By Kris McFalls
Physician-owned medical facilities are often criticized as an unethical way to raise profits and increase the cost of healthcare. Critics from public-owned facilities, government and insurance companies, cry foul saying physician-owned facilities are motivated by profit and, as a result, use their facilities to cherry pick the well-funded patients. The fact is, however, those same critics are often guilty of the same infractions. The difference is when the government and insurance companies do it; they take away patient choice, which some patients would argue leads to less competition, a lower quality of care and, in some cases, higher healthcare costs.
One example of this is of a patient with common variable immune deficiency (CVID) in the state of Michigan. Her insurance company gave her no choice but to attain her subcutaneous immune globulin (SCIG) product from its company-owned specialty pharmacy. Because of the lack of competition, the specialty pharmacy was not compelled to offer a charity care program or a way to pay down her debt on a monthly basis — as is common with privately owned specialty pharmacies. The patient soon accumulated $1,000 in debt. As a result, the specialty pharmacy refused to ship any more product until the debt was paid in full, even though at the time of the order, she had reached her yearly out-of-pocket maximum. That meant all future shipments would have been covered at 100 percent and the patient’s debt would not have increased.
The patient, then, was forced to stop her treatments. Not long after, she contracted a severe case of pneumonia requiring hospitalization. The same insurance company paid 100 percent of the $75,000 hospital bill. Regardless, even after discharge, the specialty pharmacy still refused to send the patient her SCIG. In order to receive treatment outside of the insurance-owned specialty pharmacy, this patient was forced to go back to the more expensive, clinic-based, intravenous immune globulin (IVIG) treatments. This allowed her to receive treatments at a facility that would work with her on the out-of-pocket costs. Once this patient returned to regular treatments, her health improved and she was able to avoid hospitalizations and severe infections.
In another example, the New York state attorney general accused insurance companies of defrauding patients by manipulating reimbursement rates. As it turned out, insurance companies owned the third-party companies that were tasked with determining usual and customary rates. Those rates were then used to determine how much patients were reimbursed for out-of-network charges.
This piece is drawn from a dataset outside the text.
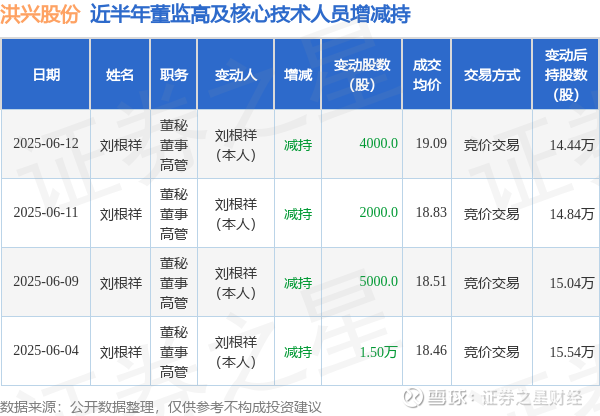 洪兴股份近半年内的董监高及核心技术人员增减持详情如下:

Insurance companies were accused of defrauding doctors and patients out of millions of dollars. Other states and the American Medical Association followed New York’s lead and filed lawsuits. Many cases have since been settled resulting in multi-million dollar settlements.
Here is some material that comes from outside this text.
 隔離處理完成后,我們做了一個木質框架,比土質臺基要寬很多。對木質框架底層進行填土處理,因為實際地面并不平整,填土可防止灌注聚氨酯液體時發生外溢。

Politicians have their hand in the cookie jar as well. Healthcare reform and the advent of Medicare drug plans stimulated research that revealed many politicians owned stock in pharmaceutical companies that would benefit from legislation being considered. Therefore, if the companies profited from regulations, so did the politicians. Some politicians soothed their guilt by placing stocks into a blind trust so they didn’t know exactly which drug company stock they truly owned. Surely, voting for laws that would benefit themselves financially had nothing to do with the increased cost of healthcare.
There is no easy solution to any of these problems. At the end of the day, healthcare is still a business and there will always be healthcare decisions based on profits. It is also true that patients clearly benefit when there is competition in the marketplace. Maybe the solution lies more in the transparency of the details than the details themselves?